Q: What is Return on Equity (ROE)?

A: Return on Equity (ROE) is a financial ratio that measures a company's profitability by comparing its net income to its shareholder equity. It is a key indicator of a company's financial performance.

Q: What is Tobin's Q?

A: Tobin's Q is a financial ratio that measures a company's market value relative to its replacement cost. It is a key indicator of a company's value.

Q: What are the limitations of this study?

A: The limitations of this study include the small sample size, the use of secondary data, and the assumption that market values reflect the performance and potential of company growth.

Q: What are the implications of this study for companies listed on the IDX?

A: The implications of this study for companies listed on the IDX are that they should prioritize improving their GCG practices, including the appointment of independent commissioners, to enhance transparency and accountability. They should also focus on improving their financial performance by implementing effective strategies to increase revenue and reduce costs.

Q: What are the recommendations for future research?

A: The recommendations for future research are to explore additional variables that could affect the company's value, such as market conditions, investor sentiments, and psychological factors. Researchers should also consider using more comprehensive methodologies, such as panel data analysis, to provide a clearer picture of the dynamics between GCG, financial performance, and company value.

Q: What are the benefits of this study?

A: The benefits of this study are that it provides an attractive insight into the relationship between GCG, financial performance, and company value in the manufacturing sector listed on the IDX. It also opens up space for further research to explore other factors that could affect the company's value.

Q: What are the potential applications of this study?

A: The potential applications of this study are that it can be used by companies listed on the IDX to improve their GCG practices and financial performance. It can also be used by investors to make informed decisions about their investments.

Q: What are the potential limitations of this study in real-world applications?

A: The potential limitations of this study in real-world applications are that it may not capture all the relevant information, and it may not be generalizable to all companies listed on the IDX.

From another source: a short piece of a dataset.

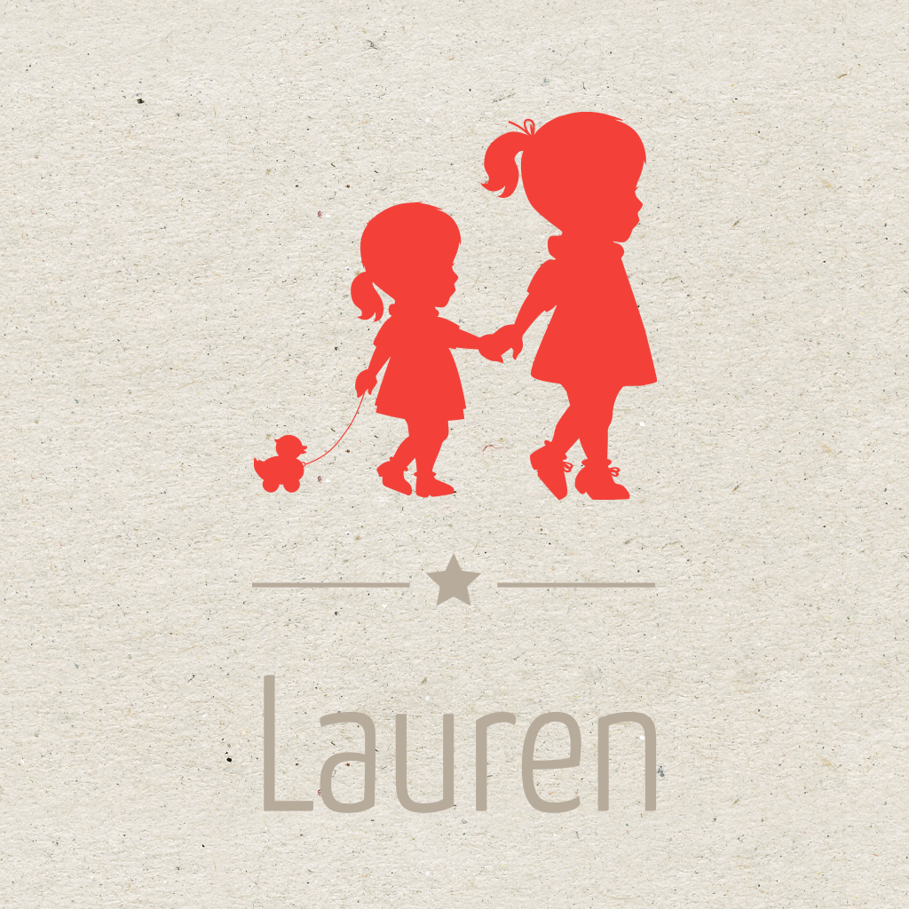 Stoere babykaart voor dochter met zusje en eendje. Maak er je eigen kaartje van door de onderdelen een andere kleur te geven.

Q: What are the potential future directions for this study?

A: The potential future directions for this study are to explore additional variables that could affect the company's value, such as market conditions, investor sentiments, and psychological factors. Researchers should also consider using more comprehensive methodologies, such as panel data analysis, to provide a clearer picture of the dynamics between GCG, financial performance, and company value.

Q: What are the potential implications of this study for policymakers?

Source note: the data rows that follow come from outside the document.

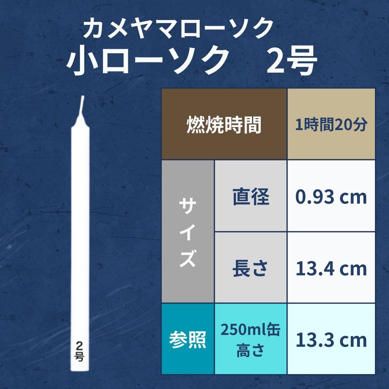 燃焼時間約1時間20分の小ローソク2号。日常のお参りはもちろん、少し長めの読経や法要にも適しています。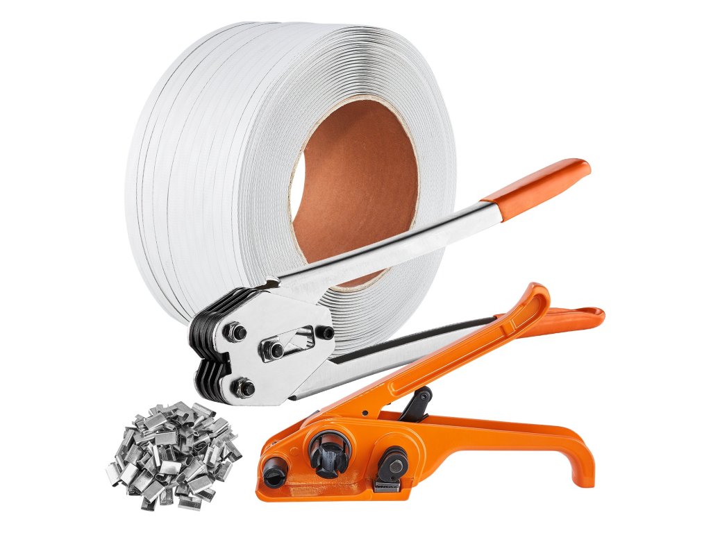 Pántológép-készlet 1000 m PP szalaggal, 1000 fémzárral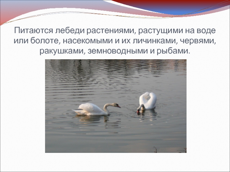 Слайд 7Питаются лебеди растениями, растущими на воде или болоте, насекомыми и их
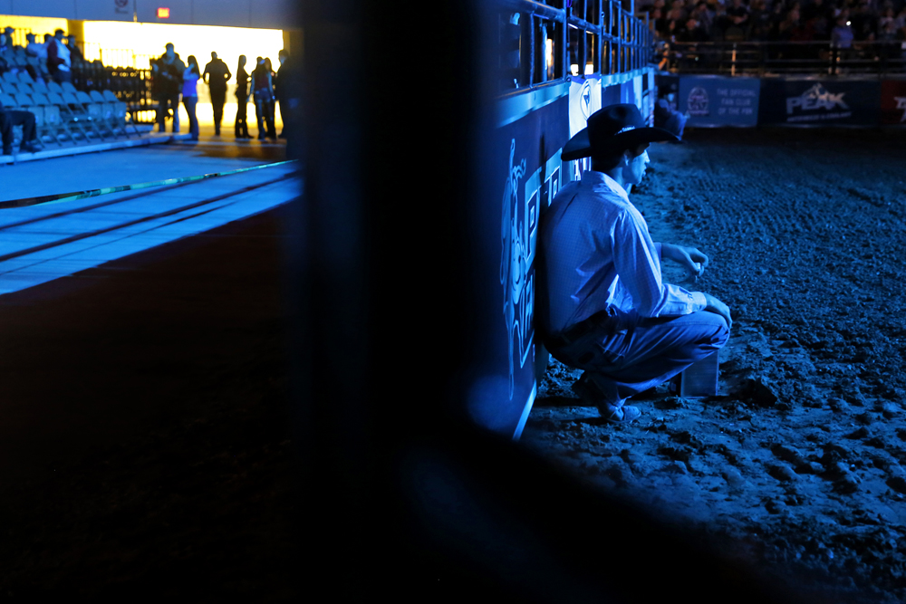 MULTIPLE – 3rd Place (Jonathon Gruenke/Daily Press) Published May 8, 2015 at 1000 × 667 in VNPA 1st Q. Clip Contest Winners A rodeo hand waits in the ring as guest file into the Hampton Coliseum before the start of the Pro Bull Riders Blue DEF Velocity Tour Saturday evening. (Jonathon Gruenke/Daily Press)

A: The potential implications of this study for policymakers are that they should consider implementing policies that promote good corporate governance and financial performance in the manufacturing sector listed on the IDX. This could include regulations that require companies to disclose more financial information, or incentives that encourage companies to improve their GCG practices.

Q: What are the potential implications of this study for investors?

A: The potential implications of this study for investors are that they should consider the GCG practices and financial performance of companies listed on the IDX when making investment decisions. This could include researching a company's GCG practices and financial performance before investing in its stock.